Gavel Glimpse is the home base for two public legal-data projects: Granite State Appeals, focused on the New Hampshire Supreme Court, and Supreme Scrutiny, focused on the United States Supreme Court. Both turn public court records into searchable, visual, and more approachable civic information.

The sites

Each site has its own court, data shape, and research use case. This hub explains what each one does, how it is built, and where the public source code lives.

Granite State Appeals

New Hampshire Supreme Court

A public-facing guide to opinions, orders, justices, topics, trial-court outcomes, and court trends in New Hampshire.

Built for residents, journalists, students, attorneys, researchers, and civic groups who want a clearer view of the state's highest court.

How it is built
  • The site gathers public New Hampshire Supreme Court materials and turns them into easier-to-browse pages.
  • Opinions, orders, justices, topics, and trial-court results are organized into searchable sections.
  • Charts and filters help visitors spot patterns without needing to read every document one by one.
Models and analysis
  • No large language model is required for the core site experience.
  • Classification and trend views are presented as research aids, with source records kept close by.

Supreme Scrutiny

United States Supreme Court

An interactive research app for exploring cases, justices, advocates, issue areas, voting patterns, history, and predicted outcomes.

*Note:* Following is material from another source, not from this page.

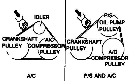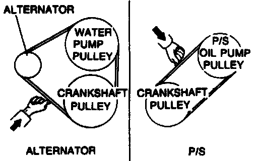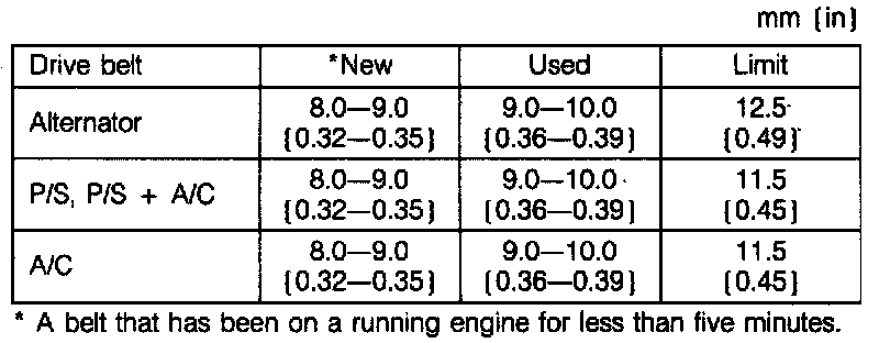 3. Check the drive belt deflection when the engine is cold, or at least 30 minutes after the engine has stopped. Apply moderate pressure 98 N {10 kgf, 22 lbf} midway between the specified pulleys.

Built for students, legal researchers, journalists, lawyers, and curious readers who want to navigate more than two centuries of Supreme Court history.

How it is built
  • The site draws on Oyez, a public source for United States Supreme Court case information.
  • Case details, justice votes, oral arguments, issue areas, and historical records are organized into connected views.
  • Local copies of frequently used data help the site load faster and keep the research experience smoother.
Models and analysis
  • Prediction tools estimate likely outcomes, vote splits, and cert-grant probabilities from historical patterns.
  • Explanation views show which case features appear to matter most for a prediction.

Shared approach

The projects start from public legal materials, preserve links back to original records, and then add structure, filters, visualizations, and clearly labeled analytical tools.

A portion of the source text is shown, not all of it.